I can’t get him to wake up. He never told me what to do. His body says he’s hot—too hot—but this cabin is a freezer. Do I keep him warm, or cool him down? I sit next to him and try to pray. If I lean close to his face I can feel the heat rising off his skin. No one taught me how to pray. I don’t know who I’m praying to: an obese god who is always grinning? A god with a woman’s head that sits on a man’s body? A god with holes in his hands and feet? I pray to whichever it is. My mouth moves with words—begging, pleading words. I’ve never spoken to God before. I partly blame him for the bad that’s happened to me. I say I don’t, but I do. I’m willing to never blame him again if he just saves Isaac.

I think he’s heard me when Isaac’s shaking suddenly stops. But when I lower my head to his mouth his breathing is shallow. I pray directly to the God with the holes in his hands. He seems like the one to talk to. A God that understands pain.

“That’s Isaac,” I tell him. “He helped me, and now he’s here. He didn’t do anything to deserve this. And he shouldn’t have to die because of me.” Then I appeal directly to Isaac.

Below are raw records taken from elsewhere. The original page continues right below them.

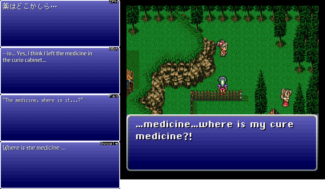 The GBA translation fixes all of the problems in this scene’s text. And we can see that the fan translation borrows from the faulty Super NES text.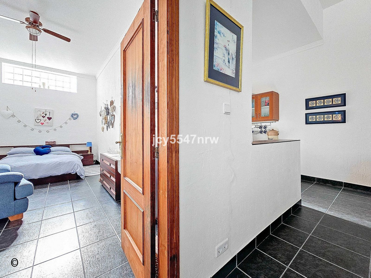 From the garden, the lower floor of the villa is accessible; not only is there a large garage (for two cars and plenty of storage space), but also a fully equipped, spacious apartment with high ceilings. Guests can enjoy complete privacy here, with their own living room, kitchen, bedroom, and bathroom.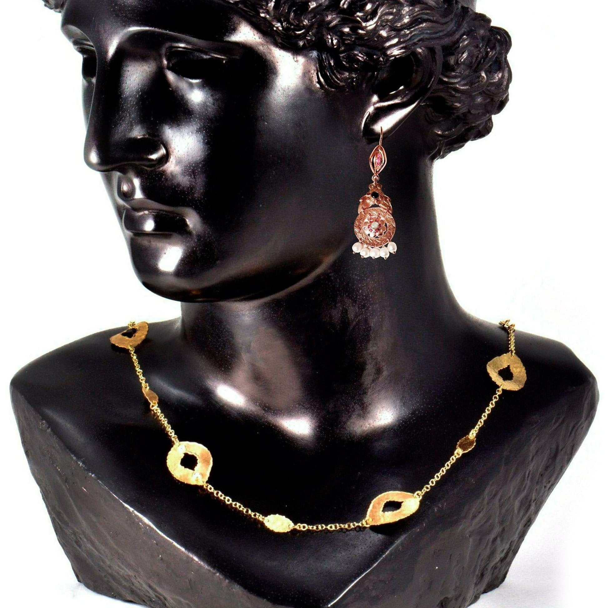 I colori delle pietre spaziano dal rosa chiaro a quello pi¨´ intenso, dal verde al nero. Questi orecchini sono leggeri e comodi da indossare, si adattano perfettamente sia a look eleganti che casual, diventando un accessorio versatile per ogni occasione.
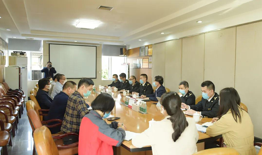集團訊 3月10日,云浮海關(guān)副關(guān)長林慶騰,羅定海關(guān)關(guān)長許彥華、陳曦,云浮市商務(wù)局副局長劉知靈等領(lǐng)導(dǎo)一行到我司就企業(yè)復(fù)工復(fù)產(chǎn)工作進行調(diào)研,聽取企業(yè)需求,幫助企業(yè)順利復(fù)工復(fù)產(chǎn)。萬事泰集團董事長梁桂泉、常務(wù)副總裁劉炳耀、董秘辦董秘楊松、總裁辦主任梁賢武、業(yè)務(wù)發(fā)展部經(jīng)理李麗娥、行政部經(jīng)理陳永錦等集團領(lǐng)導(dǎo)參加了調(diào)研。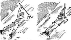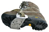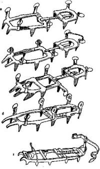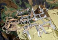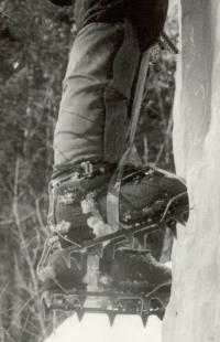 Дома мы тренировались в туристических «вибрамах». Стоило это детище в любом обувном магазине десять рублей пара. К ботинку мы привязывали брезентовой лентой кошки ВЦСПС. Ребята, это было что-то! Особенно застежка. Просто патент советского времени. Если в этом работаешь целый день, и ноги попадают в воду, а затем «бахает» мороз, то образуется ледяная корка вокруг застежки и по всему брезентовому ремню. Вечером эту застежку нужно еще и отстегнуть. Непередаваемые ощущения.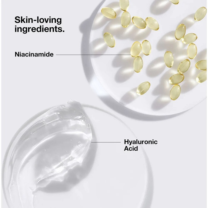- Formuła przyjazna dla skóry łączy niacynamid i kwas hialuronowy, aby zminimalizować widoczność porów, zmniejszyć wydzielanie sebum i błyszczenie oraz nawilżyć skórę.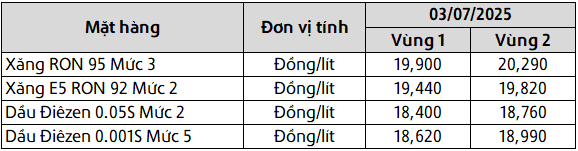 Mức giá mới có hiệu lực từ thời điểm 15 giờ 00 phút ngày 03 tháng 07 năm 2025 cho đến kỳ điều hành giá xăng dầu tiếp theo của liên Bộ Công Thương – Tài Chính, được công khai tại website hpetro.vn.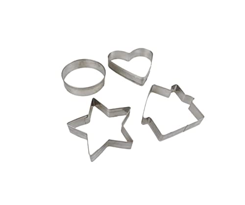 12 DIVERSE FORME PER BISCOTTI - cuore 6,5 cm, stella 6,5 cm, casa 6,5 cm, cerchio 5,5 cm, cuore 5 cm, stella 5 cm, casa 5,5 cm, cerchio 4,2 cm, cuore 3,2 cm, stella 3,5 cm, casa 4,5 cm, cerchio 3,2 cm.

“You can’t do this again,” I tell Isaac. “This is the second time. It’s not fair. It’s my turn to almost die.”

I lean down and touch my forehead to his. I want to lie on him and take his heat, but now is not the time for being cold. I pull my head up and stare down at him. I’m afraid to leave him and go look for medicine. We closed off the hole below the table weeks ago. But maybe he forgot something. Maybe there is still medicine down there: a pill in the dirt. A miracle in a dark corner. I know it’s a long shot, but I can’t just sit here and do nothing. I kiss him on the mouth and stand up.

“Don’t die,” I warn him. “I’ll chase right behind you if you do.”

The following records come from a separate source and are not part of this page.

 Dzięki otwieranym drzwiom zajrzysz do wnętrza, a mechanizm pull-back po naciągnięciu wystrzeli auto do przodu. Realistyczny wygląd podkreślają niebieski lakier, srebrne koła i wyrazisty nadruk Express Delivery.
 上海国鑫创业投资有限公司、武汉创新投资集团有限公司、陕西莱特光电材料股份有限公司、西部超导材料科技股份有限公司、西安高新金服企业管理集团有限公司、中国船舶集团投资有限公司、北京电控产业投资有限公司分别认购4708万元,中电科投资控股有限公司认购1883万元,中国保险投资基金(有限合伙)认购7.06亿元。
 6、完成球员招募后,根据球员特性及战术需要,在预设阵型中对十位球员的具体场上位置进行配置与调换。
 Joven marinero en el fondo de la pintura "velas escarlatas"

If he can hear me, threatening him with my death will work. He will hold on just to keep me alive. I dart out of the room and head for the kitchen. The tabletop is easier to push aside this time. I’m stronger. I grab the flashlight and climb down the ladder he left in place. There are still grains of rice scattered across the floor from the day I knocked the bag over. They pierce my socks and make my toes curl up. The floors and shelves are bare. I run my hands along the back of them, feeling for any lucky leftover. I catch a splinter in my palm and pull it out. The metal box with the medical cross on it bolted to the wall is open. There is nothing on the shelves but dust. I grab the box and try to rip it off the wall, but the box is bolted down. My muscles are more inefficient than my anger.

“I can’t even rip something off the wall right!” I yell at nothing.

I stick my fingers in my hair and pull until it hurts. First, I feel helpless, then I feel hopeless, then I feel overwhelming grief. I can’t handle it. I don’t know what to do with myself. I fall to my knees and clutch my sides. I can’t do this. I can’t. I want to die. I want to kill. All of my feelings are coming at once.

You’re selfish, I hear a voice say. Isaac is dying and you’re thinking about how you feel.

The voice is right. I stand up and dust the rice off my knees. Then I climb back up the ladder; the only indication I’m on overload is the trembling of my hands.

I go back to the room to check on Isaac. He’s still breathing. That’s when I remember the book I found in the chest, at the base of the carousel bed. It always struck me as strange that our captor would put that book in the same house with a doctor.

I shove open the lid to the chest and see the book lying at the bottom. There is a single puzzle piece resting on its cover. I dust it away. This was the only book I saved when we burned everything to keep warm. It makes no sense why I’d save it. I had Isaac to answer my medical questions. Isaac to stitch me up. I saved it for myself. Because on some level I knew the zookeeper put it here for me. My stomach clenches. I flip through the index. Page 546. Fever.